The ’68 Comet had all new bodywork but kept the signature quad headlamps. It was only available as a 2-door hardtop coupe.
1968 Mercury Comet Interior
Carpeting, faux wood, vinyl & cloth and bench seats. Despite the Mercury vehicles having a better interior than their Ford counterparts of the time, the interior is still pretty simple.
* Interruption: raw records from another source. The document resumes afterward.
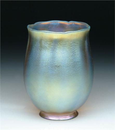 TIFFANY TULIP SHADE. Beautiful gold favrile tulip shade has shades of lavender iridescence at fitter rim as well as the entire interior of shade. Signed on fitter "LCT". SIZE: 5 in. t x 2-1/4 in. fitter. CONDITION: Very good to excellent. 5-60999
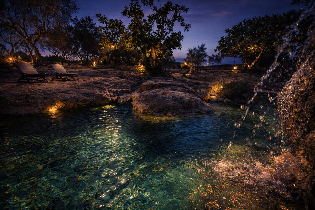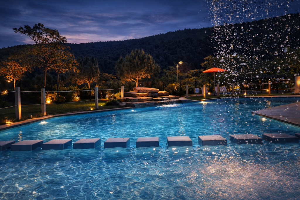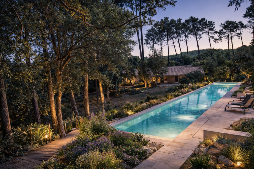 Sous les pins, au coucher du jour, le bassin s’intègre au parc paysager et devient un élément central de l’identité du lieu. Il valorise l’offre d’hébergement en proposant bien plus qu’un simple service supplémentaire : un argument distinctif.
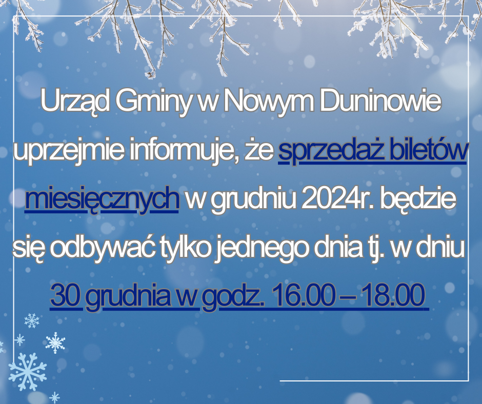 Sprzedaż biletów miesięcznych w grudniu 2024 roku.

However, don’t let that put you off; specialist companies can offer a host of modern technology that will fit in and look part of the original spec.
1968 Mercury Comet Specs
Length: 206.1” Wheelbase: 116” Width: 76” Curb Weight (dependent on spec and engine): 3,219 lbs
Built on the same chassis and using many parts from the Ford Torino and Fairlane.
1968 Mercury Comet Performance
The ’68 Mercury Comet came with a number of different engines:
250 ci (4.1 liter) inline six – 155 BHP, 289 ci (4.7 liter) V8 – 200 BHP, 301 ci (4.9 liter) V8 – 220 BHP, 351 ci (5.8 liter) V8 – 290 BHP and 428 ci (7.0 liter) V8 – 335 BHP.
Top speed was around 114 MPH for most of the V8’s, but let’s be honest, you’d have to be pretty brave to get near that; late 60’s suspension, braking and handling don’t exactly inspire confidence (and that’s assuming you can get decent rubber on those small 15” wheels).
Transmission was handled by a 4-speed manual or the Merc-O-Matic auto transmission.
1968 Mercury Comet Collectability and price
The Mercury Comet is a good-looking vehicle, there are still plenty of parts available, and specialist websites for parts and knowledge.
They may not fetch the sort of following (and therefore, price) of some of the better known muscle cars, but the prices are on the up.
Expect to pay between $25,000 and $30,000 for a concours example, a decent unrestored version will cost about $15,000.